Goldman Sachs Group Inc. cut its forecast for U.S. economic growth after Senator Joe Manchin rejected the Biden administration’s roughly US$2 trillion tax-and-spend program, leaving Democrats with few options for reviving the economic agenda.

Goldman said in a research note Sunday that the likely failure of the Build Back Better legislation had prompted it to lower its real gross domestic product forecasts in 2022 to:

  • 2 per cent in the first quarter from 3 per cent previously
  • 3 per cent in the second quarter versus. 3.5 per cent before; and
  • 2.75 per cent in the third quarter from 3 per cent prior

 “We recently put the probability of a modified version of the BBB legislation passing at slightly better than even but, in light of Manchin’s comments, the odds have clearly declined and we will remove the assumption from our forecast,” Goldman economists led by Jan Hatzius said. 

Manchin’s announcement caught the White House off guard, following weeks of negotiations between President Joe Biden and the West Virginia Democrat and just a day after the Senate adjourned for the holidays. 

The administration now must determine whether it can salvage some of the tax-and-spending bill to address Manchin’s demands while maintaining the support of the rest of the Democratic caucus.

Goldman said its forecast for headline CPI to reach as high as 7 per cent in the next few months before easing means the inflation concerns Manchin and others had expressed are likely to persist, making passage more difficult. It said the omicron variant is also likely to shift political attention back to virus-related issues and away from long-term reforms.

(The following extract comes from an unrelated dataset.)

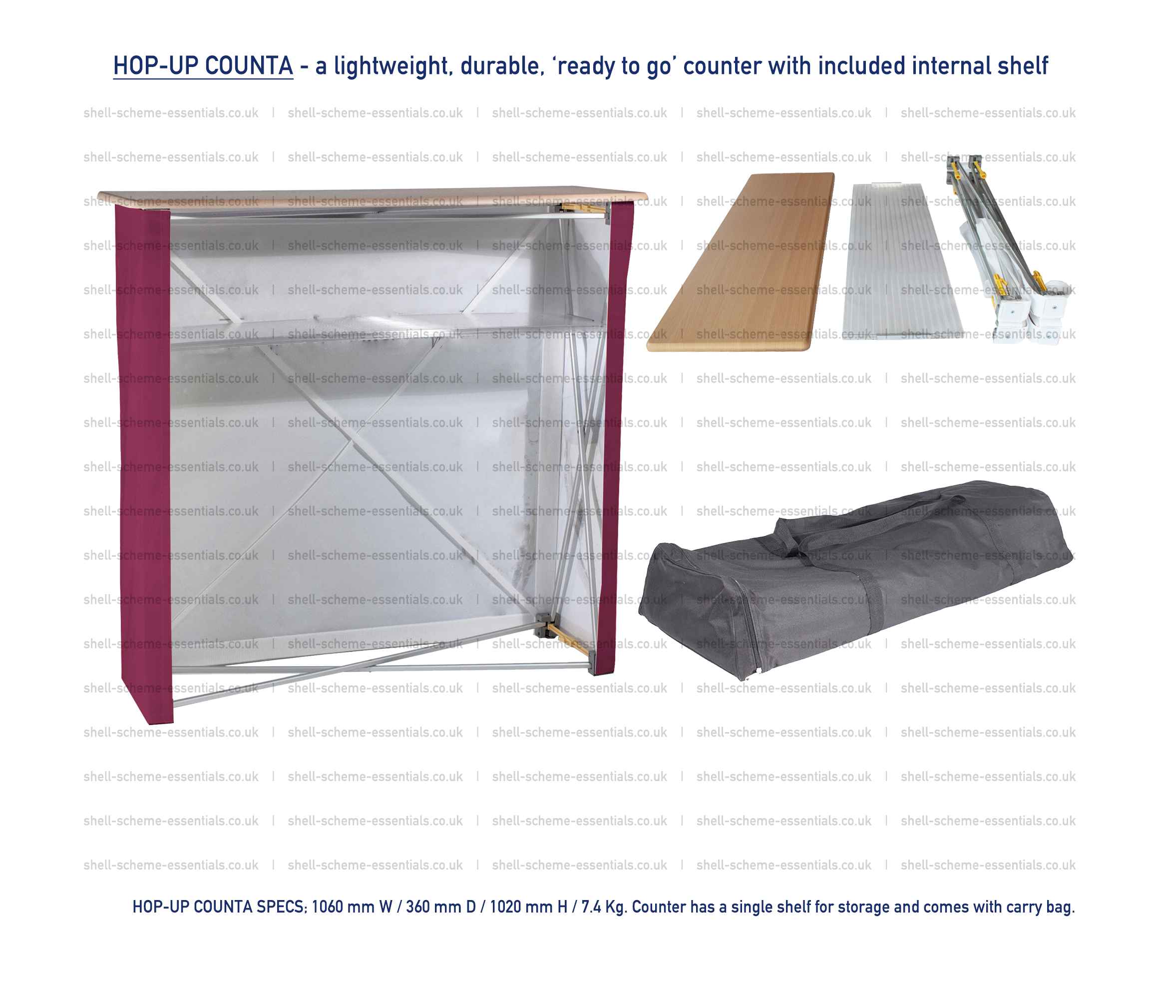The Hop-up Counta is a smart, lightweight portable counter designed for events, exhibitions, retail, and reception use.

In terms of monetary policy, it said most Federal Reserve officials likely expected the BBB Act or something like it to become law, adding that a failure to pass it “would introduce some risk” to Goldman’s expectation the FOMC will deliver the first interest-rate hike in March.

The note added there “is still a good chance” that Congress enacts a much smaller set of fiscal proposals dealing with manufacturing incentives and supply chain issues.

“There is also still a chance that Congress retroactively extends the expanded child tax credit, with some modifications, though we think the odds of this occurring are less than even,” Goldman said.

S&P 500 futures dropped as much as 0.9 per cent on Monday, while yields on 10-year Treasuries fell three basis points as risk-off sentiment swept markets. Asian stocks dropped.